Pacman frog, chuck, got him at the reptile expo today..hes a baby so i put the highlighter beside him to show his size..
http://i304.photobucket.com/albums/nn176/pinkjello900/DSCN0544.jpg

http://i304.photobucket.com/albums/nn176/pinkjello900/DSCN0536.jpg


----------



## 24/7 (Apr 21, 2010)

Pacman is Cool 

I mean Chuck


----------



## Shrimpgirl (Apr 21, 2010)

Nice collection. I really like the colours on the pacman frog. How was the expo? I really wanted to check it out.


----------



## pinkjell (Apr 22, 2010)

My daughter and I found it quite fun. There was guy from abby that grows king worms and other food, and I havent found king worms in the lower mainland that measure up to what he had. 250 for $10...and they are massive. The guy we bought the frogs off of also had mantellas - they were gorgeous. I went there hoping to find a pacman so i was happy to leave with one..and he was fairly inexpensive too. 

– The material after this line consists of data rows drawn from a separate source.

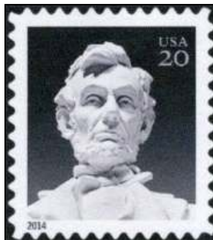
Advance artwork for the new Lincoln stamp to be issued 2014.
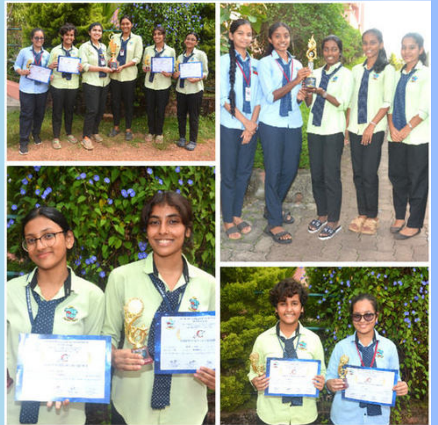
Winners of 'CELESTIA', a National Level Intercollegiate competition held at St Agnes College
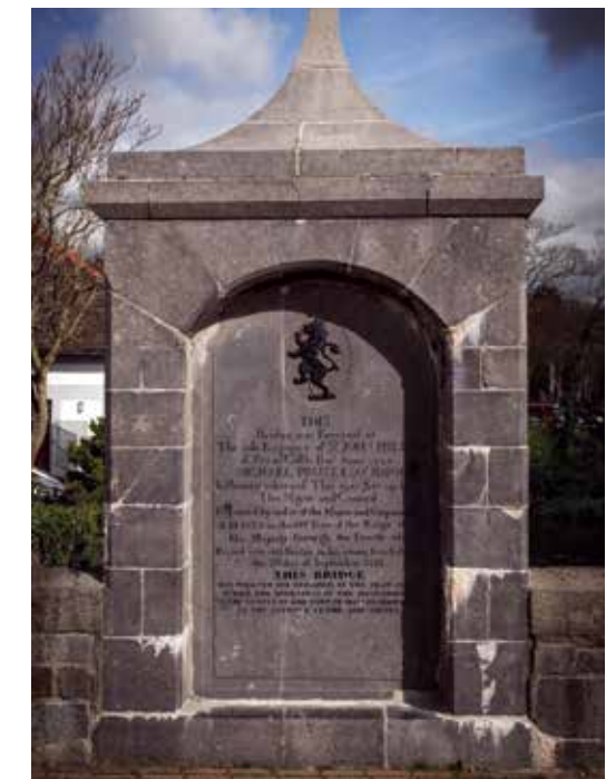
6. On which bridge will you find this and what river is it over?

The winner will receive £100 worth of vouchers to spend at a retail outlet or restaurant of their choice at Milford Marina.
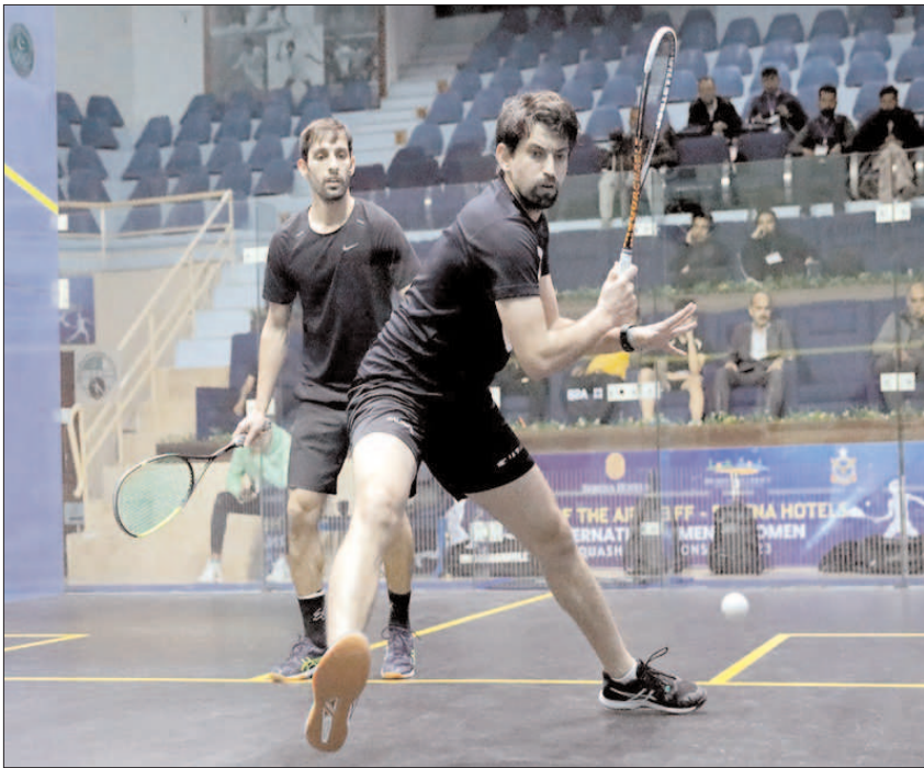
ISLAMABAD: Players in action during CAS-Serena Hotels International Squash Championship for Men & Women organized by Pakistan Squash Federation in collaboration with PAF & Serena Hotels.

LONDON (Agencies): Ronnie O'Sullivan marched into the UK Championship final with a comprehensive 6-2 victory over Hussein Vafaei. The seven-time world champion, 47, led from start to finish as he proved too strong for Iran's Vafaei in York. He will play either Judd Trump or China's Ding Junhui on Sunday for the £250,000 first prize. "Sometimes survival is just the difference, it can help you win tournaments," O'Sullivan told the BBC. "He missed a few balls, let me off the hook a few times and didn't put any pressure on me. "I just want to do myself justice in matches and play well. "Playing well under pressure is important, but I'm just motivated by cash." Breaks of 113 and 54 enabled world number one O'Sullivan to lead 2-0, but Vafaei, 29, rallied with a century and won a scrappy fourth frame to restore parity. It was one-way traffic after that as the seven-time world champion showed his pedigree with breaks of 90, 60, 52 and 50 to secure a spot in his ninth UK Championship final. "I didn't have my heart in front of my hero," said Vafaei, the world number 18. "My body just felt heavy, it felt like somebody had poured cold water on me. "I've had a good tournament and only one man could stop me - and that was Ronnie O'Sullivan." O'Sullivan will be appearing in the final for the ninth time and is chasing a record-extending eighth UK title.
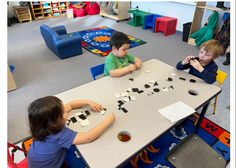
Exploring Fur Shapes Meshik
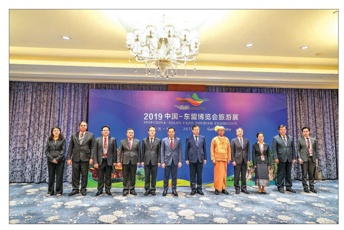
Union Minister U Ohn Maung and other dignitaries pose for a documentary photo at the opening ceremony of the 2019 China-ASEAN Expo Tourism Exhibition at Guilin, Guangxi Zhuang autonomous region, China on 18 October.
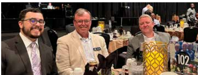
Boys & Girls Club - Leaders & Legends event

Friends, Inc. - Board Member Hampton Cove Elementary School PTA - Treasurer
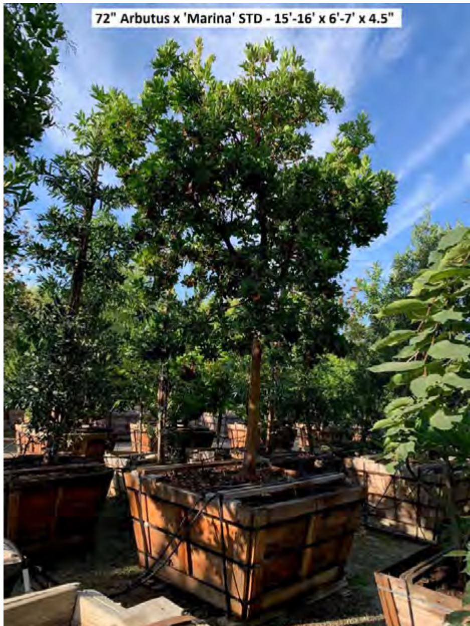
72" Arbutus x 'Marina' STD - 15'-16' x 6'-7' x 4.5"
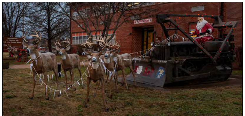
Santa Claus and his reindeer try a different kind of sled Monday outside the 1st Engineer Brigade headquarters building along Iowa Avenue.
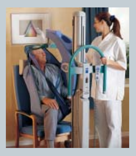
The Opera can be used with a four-point tilting spreader bar, two-point spreader bar or stretcher frame.

Option Two: A lightweight two-point spreader bar enables the use of ARJO loop slings or Walking Jacket .
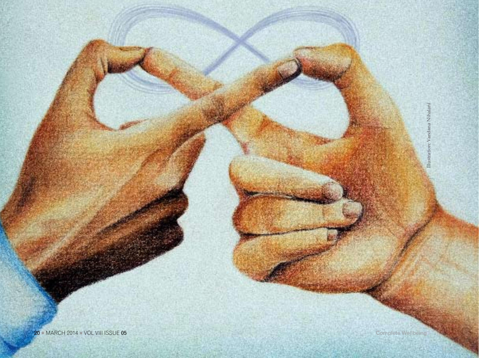
Illustration: Vandana Nihalani
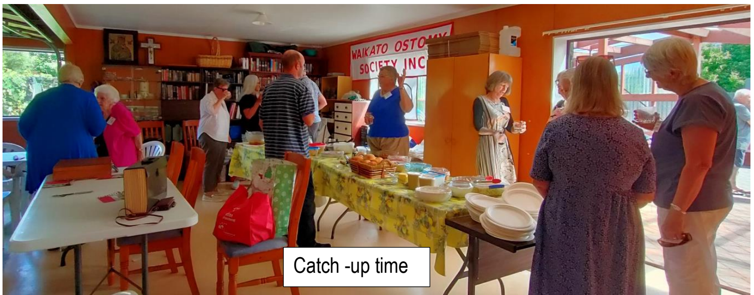
Catch -up time
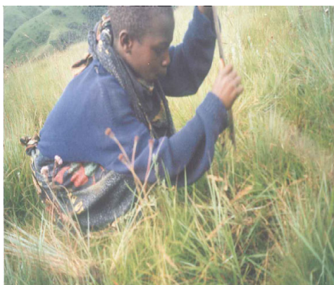
Figure 8 AIDS orphan in the process of digging out an orchid tuber.

orchids. More than two million orchid tubers find their way illegally to the markets of Zambia annually. This dependence on wild gathered products was anticipated in high prevalence HIV/AIDS communities. Increased dependency on wild gathered products usually follows a reduction of agricultural production or shortage of labor to perform farm activities [5,7]. In such rural contexts, affected households tend to increasingly depend on natural resources. However, considering the high market demand for edible orchid tubers, cash income may also be an incentive to gather among non-HIV/AIDS affected gatherers.

The expo is on today too - until 4 or 5pm.


----------



## Guest (Jun 13, 2010)

your frogs are adorable ... what a selection ... makes me want frogs


----------



## TomC (Apr 21, 2010)

I really like the pacman.


----------



## target (Apr 21, 2010)

Very cool looking frogs.


----------



## jman (Apr 21, 2010)

they r so cute, makes me want one now haha.


----------



## Ursus sapien (Apr 21, 2010)

way cool!


----------